*** Opening Material supplied ***

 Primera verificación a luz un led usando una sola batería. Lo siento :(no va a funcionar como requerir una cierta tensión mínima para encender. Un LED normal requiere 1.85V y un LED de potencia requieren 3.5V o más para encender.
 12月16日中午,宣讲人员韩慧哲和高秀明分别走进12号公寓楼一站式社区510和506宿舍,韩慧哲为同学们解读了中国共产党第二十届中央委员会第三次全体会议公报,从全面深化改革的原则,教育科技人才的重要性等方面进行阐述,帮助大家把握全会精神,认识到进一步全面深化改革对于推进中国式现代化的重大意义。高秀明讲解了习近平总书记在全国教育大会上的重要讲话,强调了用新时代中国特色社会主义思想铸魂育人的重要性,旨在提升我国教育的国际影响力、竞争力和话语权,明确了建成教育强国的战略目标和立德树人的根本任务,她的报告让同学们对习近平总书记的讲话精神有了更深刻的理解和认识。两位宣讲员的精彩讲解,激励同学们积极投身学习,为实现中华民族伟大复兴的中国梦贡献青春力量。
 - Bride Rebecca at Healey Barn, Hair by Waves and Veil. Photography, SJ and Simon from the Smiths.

*** Closing Material supplied ***
*** Opening Material supplied ***

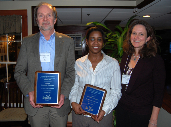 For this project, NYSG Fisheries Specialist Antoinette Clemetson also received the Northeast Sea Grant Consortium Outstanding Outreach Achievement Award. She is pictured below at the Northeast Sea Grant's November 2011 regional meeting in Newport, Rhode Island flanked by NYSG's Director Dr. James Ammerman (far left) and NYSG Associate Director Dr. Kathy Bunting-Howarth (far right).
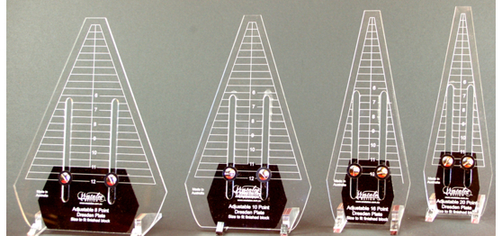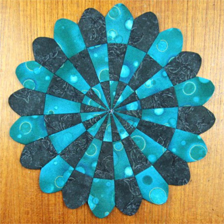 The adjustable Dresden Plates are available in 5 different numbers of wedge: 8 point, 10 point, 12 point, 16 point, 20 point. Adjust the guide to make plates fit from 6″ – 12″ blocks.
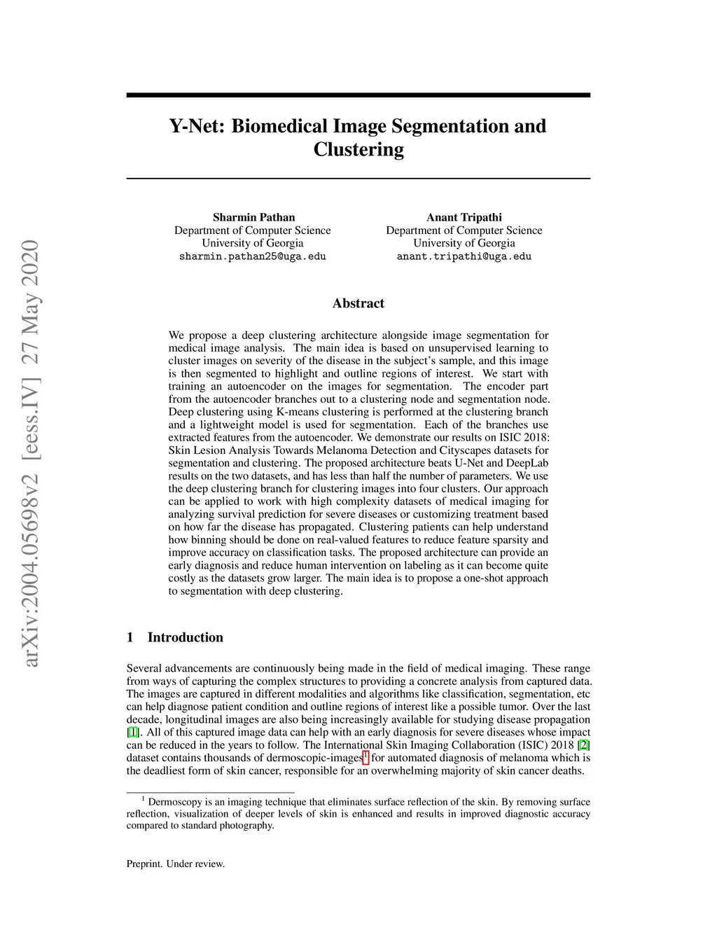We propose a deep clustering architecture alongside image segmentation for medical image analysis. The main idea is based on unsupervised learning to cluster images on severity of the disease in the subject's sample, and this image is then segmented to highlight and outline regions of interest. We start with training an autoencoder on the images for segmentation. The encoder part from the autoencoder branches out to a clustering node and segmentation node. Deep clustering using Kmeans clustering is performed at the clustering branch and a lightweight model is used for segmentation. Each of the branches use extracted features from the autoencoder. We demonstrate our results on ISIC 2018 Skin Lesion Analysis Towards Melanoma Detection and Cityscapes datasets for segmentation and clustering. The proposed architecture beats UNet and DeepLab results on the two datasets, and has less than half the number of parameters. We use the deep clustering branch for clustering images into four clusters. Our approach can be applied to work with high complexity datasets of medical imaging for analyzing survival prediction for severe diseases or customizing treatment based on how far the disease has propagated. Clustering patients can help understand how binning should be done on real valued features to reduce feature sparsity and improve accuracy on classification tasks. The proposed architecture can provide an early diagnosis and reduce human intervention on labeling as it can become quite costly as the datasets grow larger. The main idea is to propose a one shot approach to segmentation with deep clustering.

*** Closing Material supplied ***

Assigned task:
Only one part of the material above is to be transcribed, namely the lines starting with the line that has "12月16日中午,宣讲人员韩" and going on through the line that has "- Bride Rebecca", exactly as they stand.

Exercise result:
 12月16日中午,宣讲人员韩慧哲和高秀明分别走进12号公寓楼一站式社区510和506宿舍,韩慧哲为同学们解读了中国共产党第二十届中央委员会第三次全体会议公报,从全面深化改革的原则,教育科技人才的重要性等方面进行阐述,帮助大家把握全会精神,认识到进一步全面深化改革对于推进中国式现代化的重大意义。高秀明讲解了习近平总书记在全国教育大会上的重要讲话,强调了用新时代中国特色社会主义思想铸魂育人的重要性,旨在提升我国教育的国际影响力、竞争力和话语权,明确了建成教育强国的战略目标和立德树人的根本任务,她的报告让同学们对习近平总书记的讲话精神有了更深刻的理解和认识。两位宣讲员的精彩讲解,激励同学们积极投身学习,为实现中华民族伟大复兴的中国梦贡献青春力量。
 - Bride Rebecca at Healey Barn, Hair by Waves and Veil. Photography, SJ and Simon from the Smiths.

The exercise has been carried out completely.